> Directions for this task: Copy only what lies from the line containing "Andhra Pradesh is" through the line containing "Yellow Black American" in the entries below, keeping both end lines exact and dropping every picture.

> Provided data:
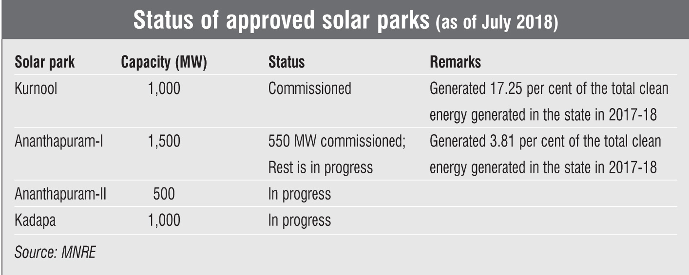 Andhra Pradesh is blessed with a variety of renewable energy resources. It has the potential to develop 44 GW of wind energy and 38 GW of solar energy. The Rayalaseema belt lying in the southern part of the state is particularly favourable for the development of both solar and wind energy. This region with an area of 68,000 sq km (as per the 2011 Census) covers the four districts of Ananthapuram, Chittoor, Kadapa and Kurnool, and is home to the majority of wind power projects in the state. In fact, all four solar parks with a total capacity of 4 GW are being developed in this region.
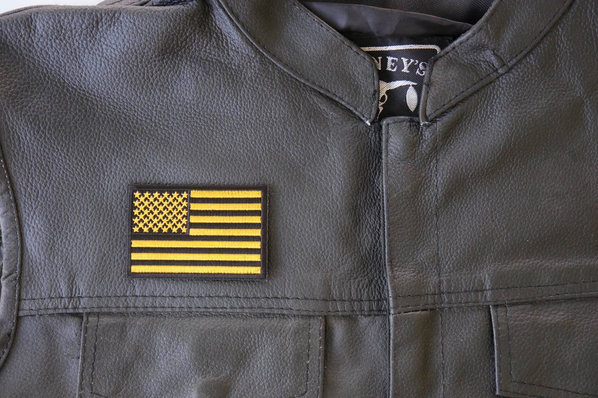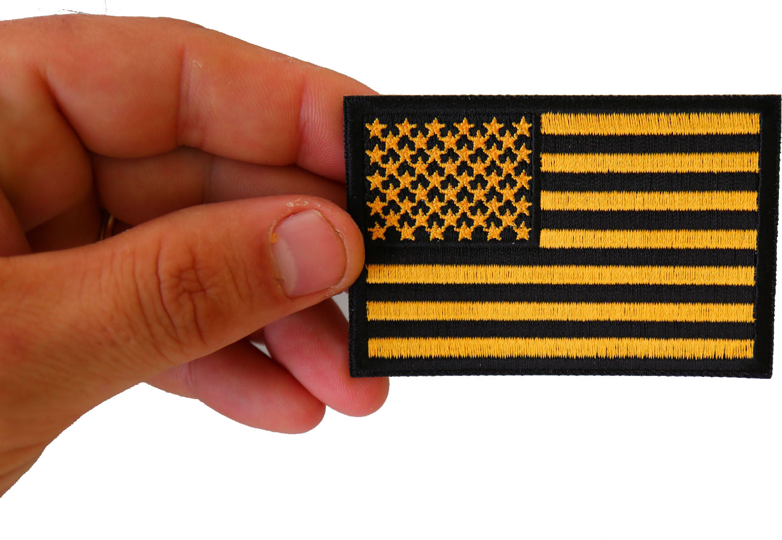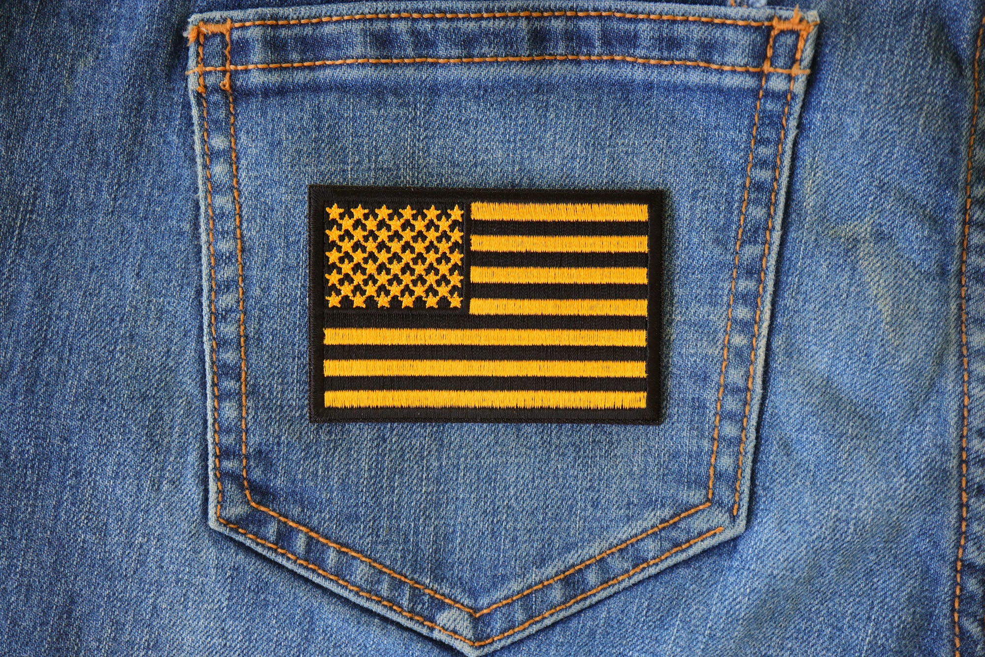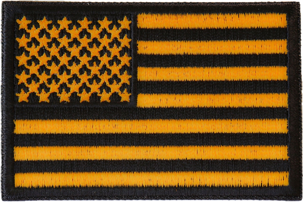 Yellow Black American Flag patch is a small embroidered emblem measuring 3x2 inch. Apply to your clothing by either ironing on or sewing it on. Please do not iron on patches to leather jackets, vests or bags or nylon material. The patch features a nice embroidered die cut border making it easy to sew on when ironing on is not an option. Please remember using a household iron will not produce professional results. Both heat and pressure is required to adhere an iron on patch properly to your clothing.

...

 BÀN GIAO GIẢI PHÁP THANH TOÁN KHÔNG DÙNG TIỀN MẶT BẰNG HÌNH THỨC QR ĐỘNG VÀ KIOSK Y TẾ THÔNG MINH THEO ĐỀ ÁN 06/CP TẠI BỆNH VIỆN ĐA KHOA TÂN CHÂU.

> Answer box:
 Andhra Pradesh is blessed with a variety of renewable energy resources. It has the potential to develop 44 GW of wind energy and 38 GW of solar energy. The Rayalaseema belt lying in the southern part of the state is particularly favourable for the development of both solar and wind energy. This region with an area of 68,000 sq km (as per the 2011 Census) covers the four districts of Ananthapuram, Chittoor, Kadapa and Kurnool, and is home to the majority of wind power projects in the state. In fact, all four solar parks with a total capacity of 4 GW are being developed in this region.
 Yellow Black American Flag patch is a small embroidered emblem measuring 3x2 inch. Apply to your clothing by either ironing on or sewing it on. Please do not iron on patches to leather jackets, vests or bags or nylon material. The patch features a nice embroidered die cut border making it easy to sew on when ironing on is not an option. Please remember using a household iron will not produce professional results. Both heat and pressure is required to adhere an iron on patch properly to your clothing.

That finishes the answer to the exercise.